Digitization 101: Article: Linux to help the Library of Congress save American history

Tuesday, April 03, 2007

Article: Linux to help the Library of Congress save American history

Okay, what makes this article so interesting for me is that it describes the Scribe book-scanning system that has been developed by the Internet Archive. Here are the details:

Combination of hardware and free software
"takes high-quality images of books and then does a set of manipulations, gets them in optical character recognition and compressed, so you can get beautiful, printable versions of the book that are also searchable," according to Brewster Kahle
Works with Linux (Ubuntu); support for Windows has been dropped
Books are held in a V-shaped cradle
Uses two digital cameras
"Free software is used almost every step of the way"
Books are scanned at the Library of Congress and the files are processed at the Internet Archive (ah, the Internet) using a cluster of 1,000 machines
"Image processing for an average book takes about 10 hours on the cluster, and while the project still uses proprietary optical character recognition (OCR) software, Kahle says that many open source applications come into play, including the netpbm utilities and ImageMagick, and the software performs 'a lot of image manipulation, cropping, deskewing, correcting color to normalize it -- [it] does compression, optical character recognition, and packaging into a searchable, downloadable PDF; searchable, downloadable DjVu files; and an on-screen representation we call the Flip Book.'"

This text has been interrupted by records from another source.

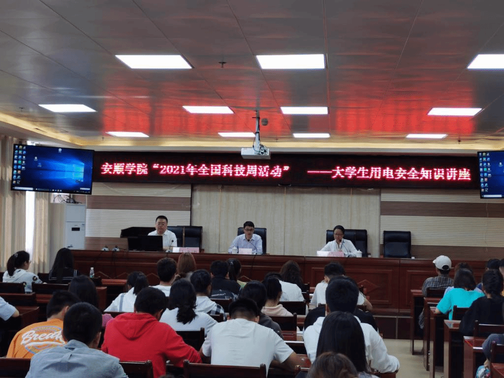 为增强学生的安全用电意识,正确引导学生安全用电,5月27日下午,安顺供电局科技周系列活动——科普进校园活动在我校举行,百余名师生参加了这场“大学生用电安全知识”主题讲座,张来副校长出席讲座并致欢迎辞。
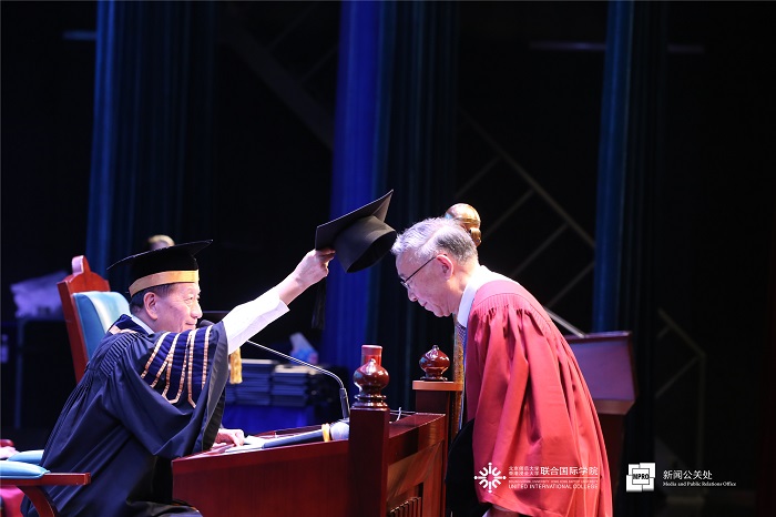 在毕业典礼上,UIC颁授荣誉院士荣衔予五位杰出人士,以表彰他们对国家、社会和教育事业的贡献,以及对UIC的支持。今年获嘉许的分别是美国心理学家、统计学家、加利福尼亚大学洛杉矶分校特聘教授Peter M. Bentler,科大讯飞创始人、现任公司董事长刘庆峰博士,香港科技大学创校校长吴家玮教授,北京大学哲学社会科学资深教授、北京大学博雅讲席教授叶朗,著名琵琶演奏家、中央音乐学院章红艳教授。
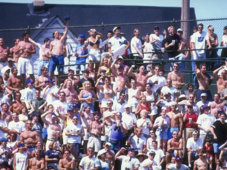 Hard Hats Required In The Bleachers Framed Canvas
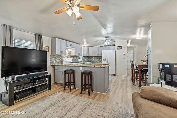 Calling all equestrian lovers! This property is not just a home; it's a move-in ready 2-bedroom, 2-bath home, and a dream come true for anyone seeking tranquility and outdoor living. Situated on a sprawling 1.56 acres, this property offers unparalleled privacy with BLM land bordering most of the property, providing endless opportunities for exploration. Step inside and be greeted by a beautifully updated interior. The kitchen features sleek, modern cabinetry, a stylish backsplash, and a breakfast bar perfect for casual dining. The open concept living and dining areas create a seamless flow, ideal for entertaining guests or simply relaxing. The home also includes a versatile flex room and a cozy family room; both bathed in natural light and offering stunning desert views. Enjoy peace of mind with a 2-year-old roof, a 2-year-old tankless hot water heater, and a water filtration system on a private well. The Cloud Edge Camera Security System ensures your home always has "eyes" on it. For added convenience and security, the property is equipped with a propane-fueled generator and not one, but four RV hookups, making it perfect for hosting friends and family. This is a fantastic horse property with plenty of room to roam and ride. The expansive acreage makes it a perfect setup for you, your family, friends, and four-legged companions. No HOA! Don't miss this incredible opportunity to own a slice of paradise with all the amenities you need for a comfortable rural life.

The Open Content Alliance has 40 members and is currently digitizing 12,000 books per months across five locations.

And what is being digitized at the Library of Congress? Well, it includes "Civil War and genealogical documents, technical and artistic works concerning photography, scores of books, and the 850 titles written, printed, edited, or published by Benjamin Franklin." Very cool!

Thanks to the digitizationblog for finding this article. Mark, you truly made my day!